Sea como sea, lo importante es que nuestras vacaciones cumplan el objetivo de desconectar, disfrutar, descansar y aprender de cada experiencia, lugar y persona que encontremos.

Es preferible viajar a un solo lugar, disfrutarlo al máximo, conocerlo en todos sus rincones, en todos sus momentos y en sus gentes, más que viajar a muchos lugares con poco tiempo en cada uno de ellos.

Viajar es un momento perfecto para poner distancia con nuestra rutina, con nuestro ritmo y forma de vida, por ello, es importante ser consciente y aprovechar ese viaje geográfico como un viaje interior, un viaje de encuentro con uno mismo.

Con frecuencia, observar y ser consciente de todo lo que se cruza en nuestras vacaciones, es la mejor forma de aprender que en nuestra vida, hay cosas que pueden cambiar o mejorar.

Salir de nuestros límites interiores supone darnos cuenta de que existen otras formas de vivir, tomar buena nota, y a la vuelta de nuestras vacaciones, volver con nuevas ideas y propósitos para mejorar nuestra vida diaria.

Rumbo

Consejos vacacionales:

Viaja con calma, despacio, cambia tu ritmo de moverte en relación al que habitualmente estás acostumbrado.

-Dedica tiempo a sentir, oler, escuchar, tocar el lugar donde te encuentras, sentirás que el lugar y su gente te transmiten muchas cosas.
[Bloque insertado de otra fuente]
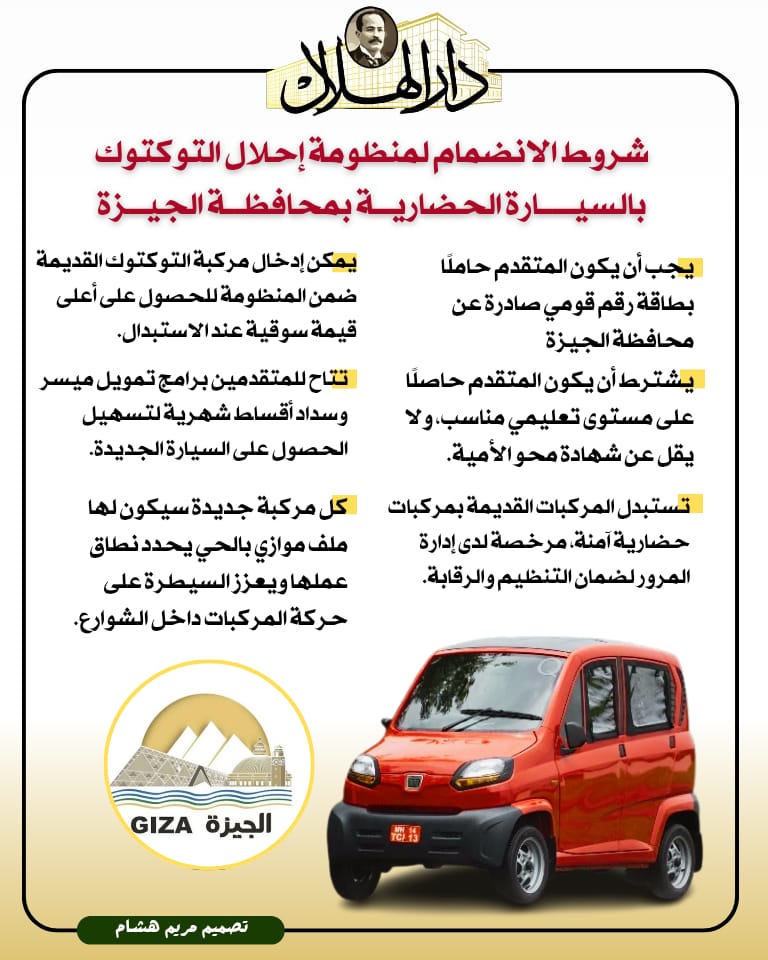 وكان المهندس عادل النجار محافظ الجيزة، قد أعلن في وقت سابق عن آلية العمل والاشتراطات الخاصة بالانضمام إلى منظومة إحلال مركبات التوكتوك بالسيارات الحضارية الصغيرة.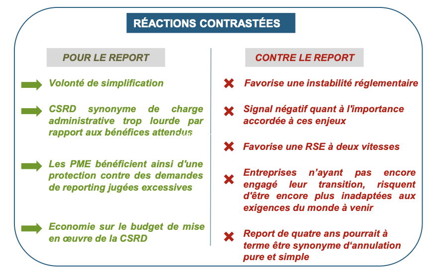 En mars 2025, le Sénat a adopté un amendement reportant de 4 ans la directive CSRD. L’objectif de ce report serait de permettre aux entreprises concernées de mieux se préparer. Si ce report semble être une bonne nouvelle et un gage de simplicité, il ne fait pas l’unanimité dans le secteur.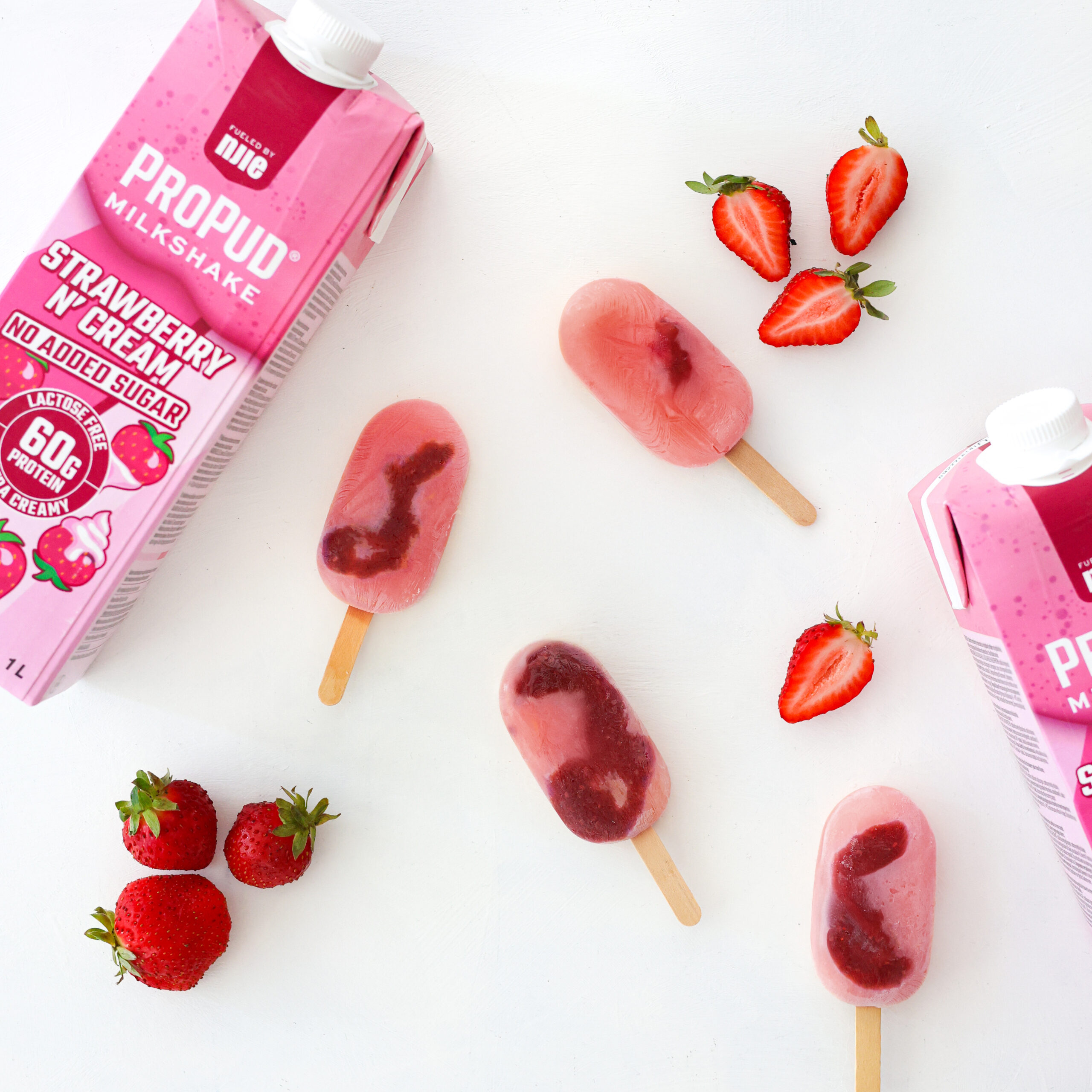 Boil the frozen strawberries on low heat for 30 min. Let cool. Put some of the strawberry jam in an ice cream mold, and fill with ProPud Strawberry N' Icecream. Freeze overnight, and enjoy a healthy and protein-rich strawberry ice cream!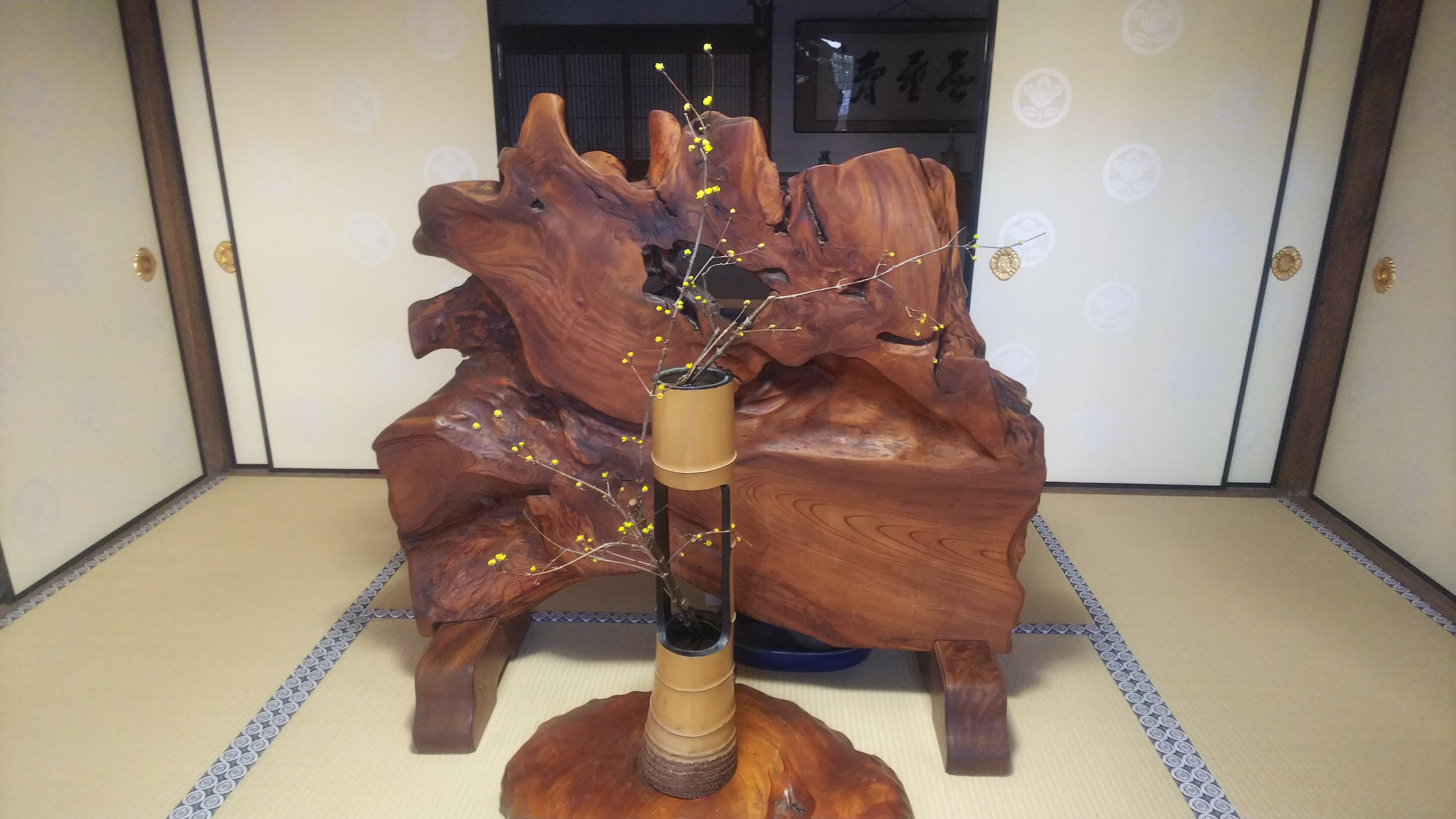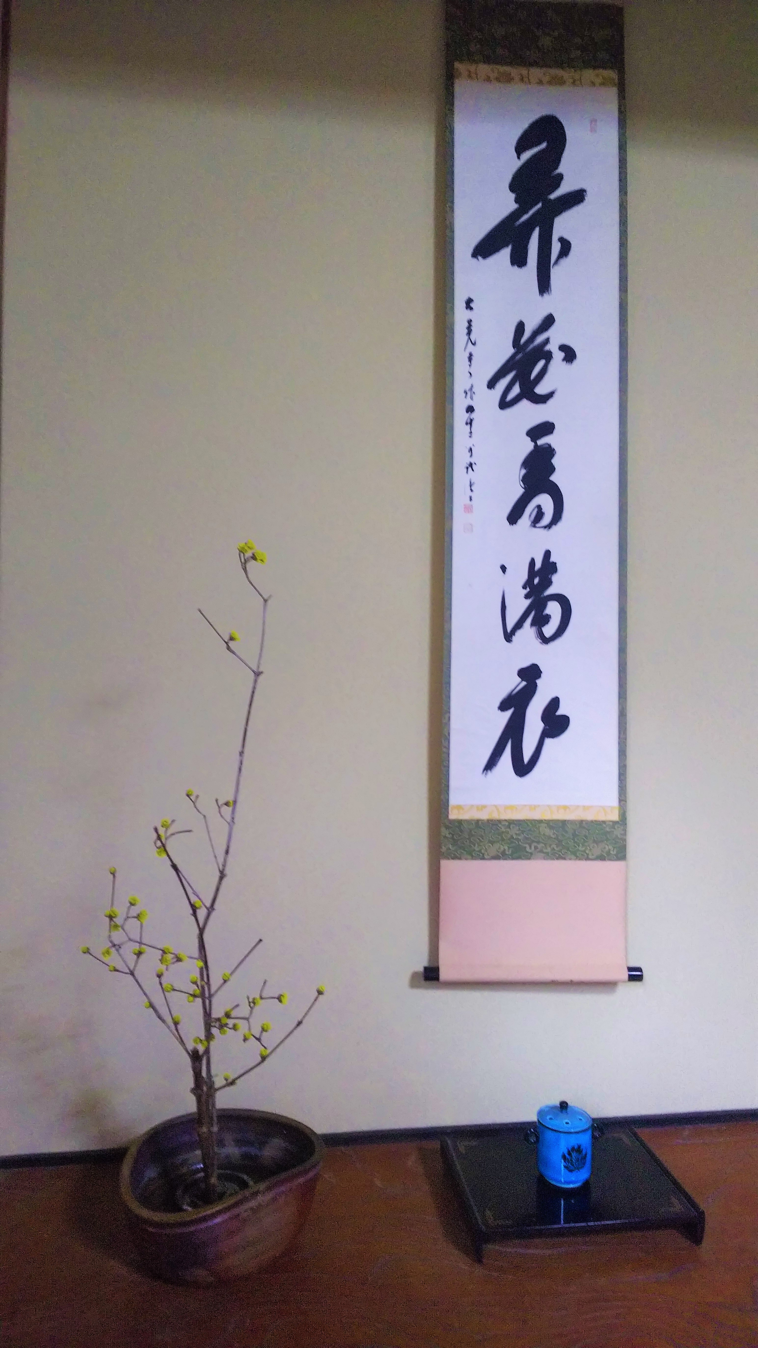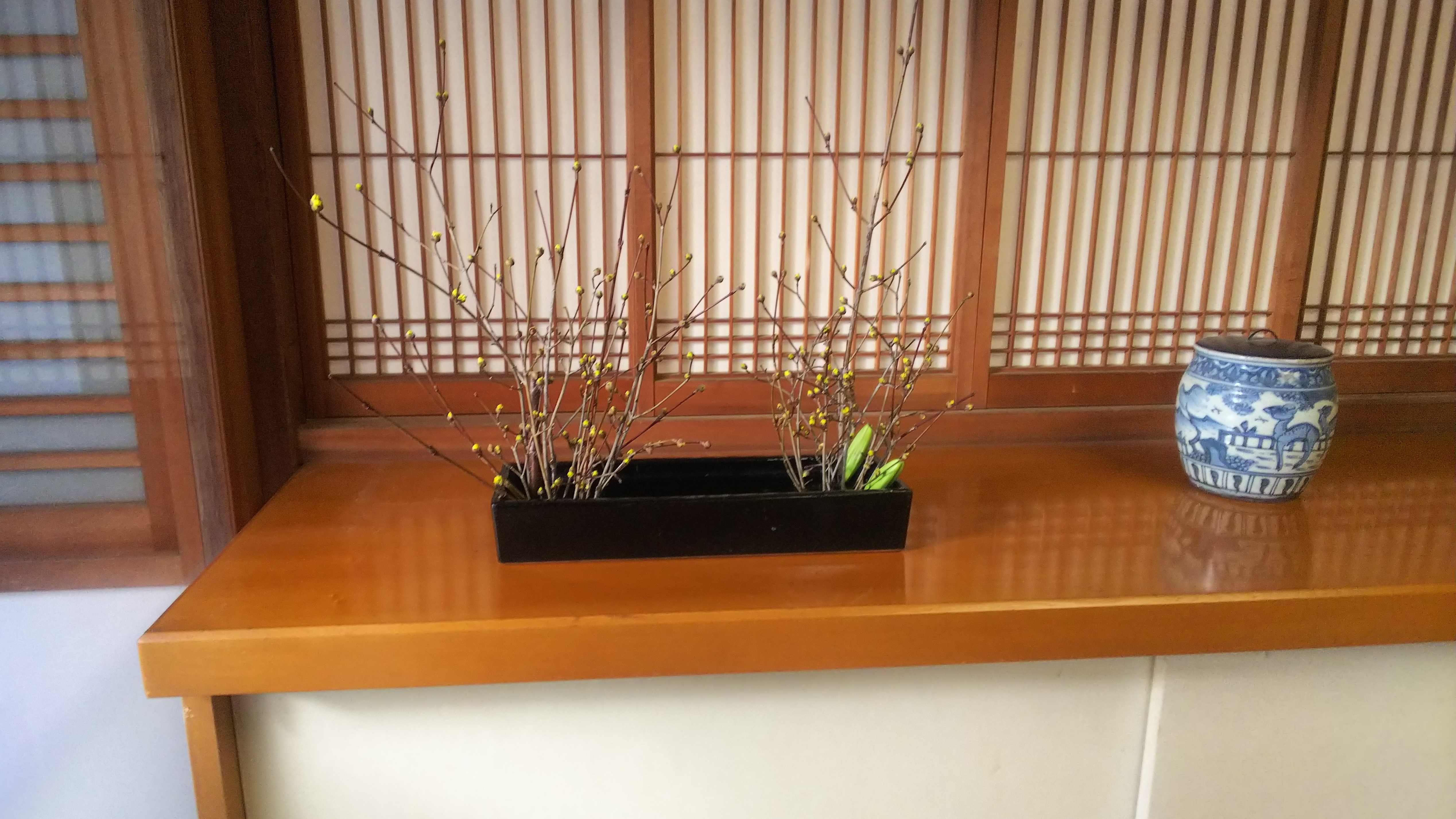 庫裡玄関・応接室・離れ床の間に活けられた山茱萸(サンシュユ)

Explora.

-Haz una fotografía mental, graba ése momento en tu memoria con todos sus componentes sensoriales.

Siéntate y respira, observa cómo viven o vivieron las personas de ese lugar.

Imagina el ritmo de vida allí, cómo será en ese lugar la vida. Experimenta la sensación agradable o desagradable que te transmite tu imaginación.

Dedica tiempo a conversar con las personas que te encuentres, sé curioso y pregúntales cómo resuelven, cómo hacen… Seguro que descubrirás otros puntos de vista y alternativas.

Piérdete por rincones de ese lugar, donde no lleguen las rutas turísticas, donde observes en solitario sus detalles.

Muéstrate curioso por la historia, la fauna, la flora del lugar, sumérgete en el ambiente de ése lugar.

Escribe, graba, fotografía sensaciones, momentos, detalles del lugar. Plasmar tus sensaciones, te permite conocerlas aun más y en consecuencia, a ti mismo.

Escribir

No tengas prisa, disfruta de cada paseo, de cada momento, de cada parada, de todo lo que te ofrece ese lugar elegido para tus vacaciones.

Y a la vuelta de tus vacaciones, reflexiona de lo que has aprendido, y procura llevarlo contigo cada día de vuelta a tu rutina.

Quizás te sorprendas porque algo dentro de ti habrá cambiado, has aprendido o has mejorado algún aspecto de tu vida. Es seguro, que la actitud con la que enfocarás tu vida será diferente a la que tenías antes de marchar de vacaciones.